**YOUR OBJECTIVE**:
Using the records that follow, reproduce exactly the lines starting at the line containing "Open up Balena" and ending at the line containing "- UPHOLSTERY/COLOUR SCHEME: Faux". Include both end lines and no pictures.

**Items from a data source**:
**********

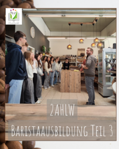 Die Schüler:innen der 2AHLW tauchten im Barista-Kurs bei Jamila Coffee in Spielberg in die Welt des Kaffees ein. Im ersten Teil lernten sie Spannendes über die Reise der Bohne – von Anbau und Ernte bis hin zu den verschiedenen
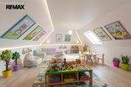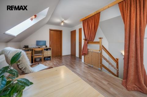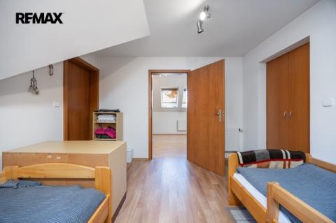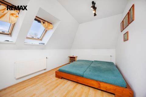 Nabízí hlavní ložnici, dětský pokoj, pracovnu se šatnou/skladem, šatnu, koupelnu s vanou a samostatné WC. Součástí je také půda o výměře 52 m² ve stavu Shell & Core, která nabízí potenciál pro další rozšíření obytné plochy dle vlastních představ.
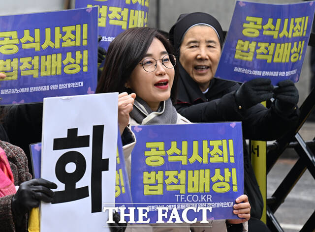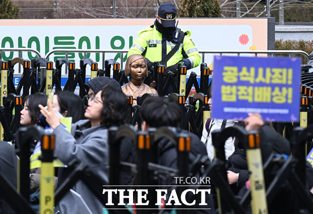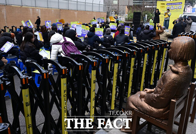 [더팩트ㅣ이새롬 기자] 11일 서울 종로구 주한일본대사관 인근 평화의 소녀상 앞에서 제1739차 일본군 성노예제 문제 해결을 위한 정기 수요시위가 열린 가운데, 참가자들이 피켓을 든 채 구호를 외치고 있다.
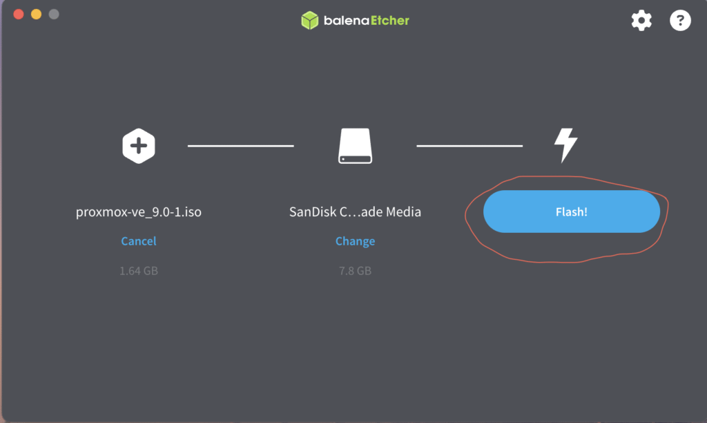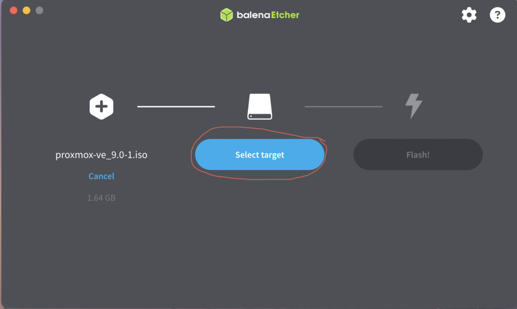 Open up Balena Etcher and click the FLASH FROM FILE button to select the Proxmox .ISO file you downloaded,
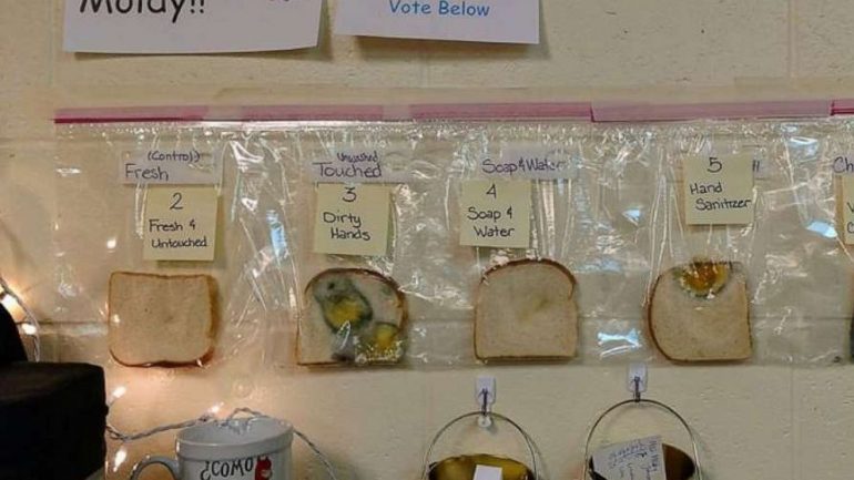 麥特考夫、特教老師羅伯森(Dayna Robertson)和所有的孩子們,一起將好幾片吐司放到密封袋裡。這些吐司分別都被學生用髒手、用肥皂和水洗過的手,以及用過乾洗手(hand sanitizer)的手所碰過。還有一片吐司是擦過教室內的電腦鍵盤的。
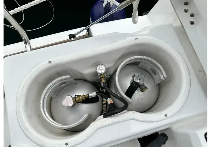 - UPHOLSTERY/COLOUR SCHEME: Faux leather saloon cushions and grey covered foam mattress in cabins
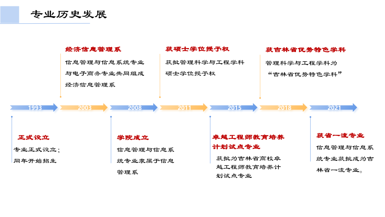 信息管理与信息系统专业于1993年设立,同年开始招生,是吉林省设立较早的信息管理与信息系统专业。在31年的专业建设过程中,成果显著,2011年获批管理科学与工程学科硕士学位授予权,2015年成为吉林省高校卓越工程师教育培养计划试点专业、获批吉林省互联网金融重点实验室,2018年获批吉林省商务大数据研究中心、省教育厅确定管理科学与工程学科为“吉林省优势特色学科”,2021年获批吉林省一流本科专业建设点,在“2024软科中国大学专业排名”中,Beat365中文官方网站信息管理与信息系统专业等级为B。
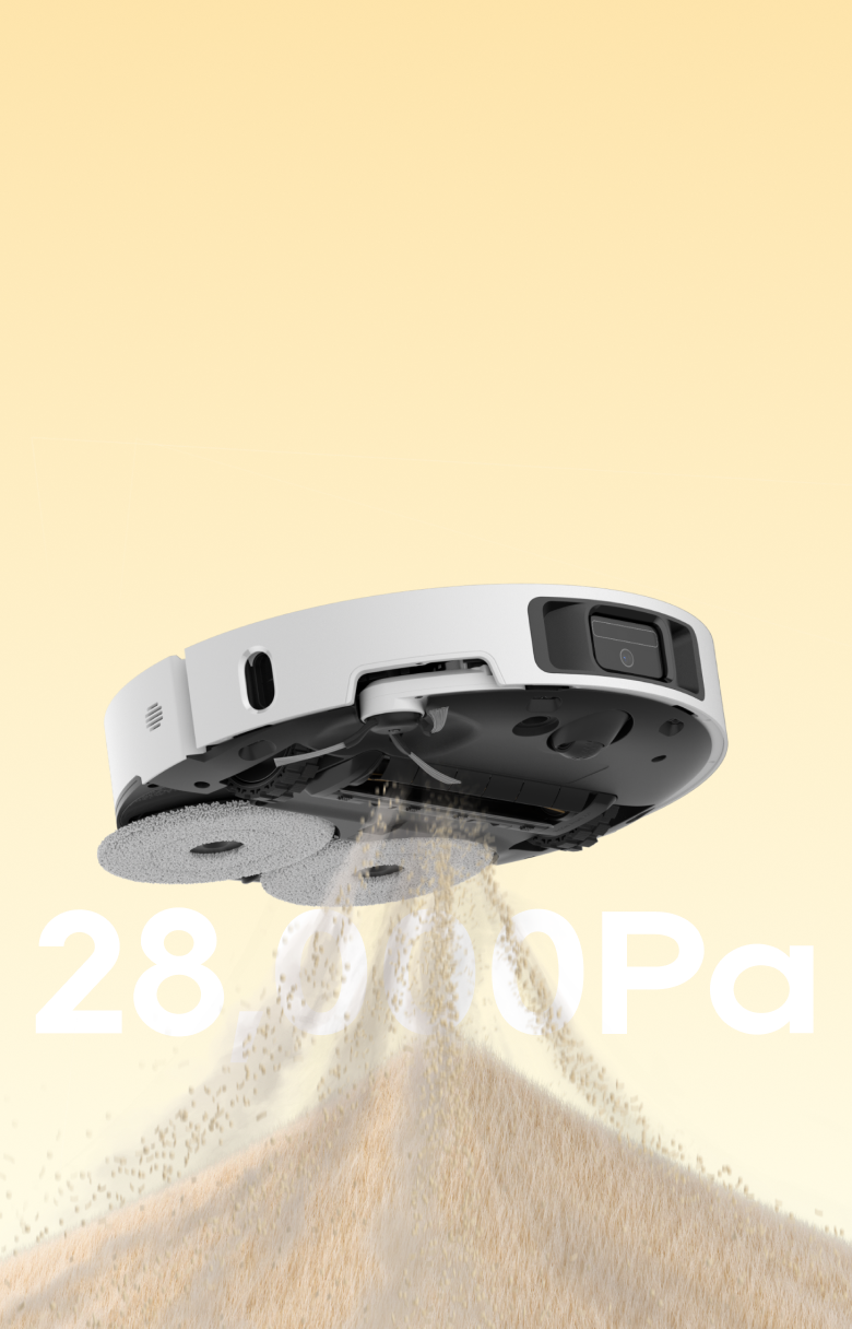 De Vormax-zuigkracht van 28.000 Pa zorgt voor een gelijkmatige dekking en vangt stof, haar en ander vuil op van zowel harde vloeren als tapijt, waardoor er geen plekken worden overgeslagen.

**********

**RESULT FOR THIS TASK**:
 Open up Balena Etcher and click the FLASH FROM FILE button to select the Proxmox .ISO file you downloaded,
 麥特考夫、特教老師羅伯森(Dayna Robertson)和所有的孩子們,一起將好幾片吐司放到密封袋裡。這些吐司分別都被學生用髒手、用肥皂和水洗過的手,以及用過乾洗手(hand sanitizer)的手所碰過。還有一片吐司是擦過教室內的電腦鍵盤的。
 - UPHOLSTERY/COLOUR SCHEME: Faux leather saloon cushions and grey covered foam mattress in cabins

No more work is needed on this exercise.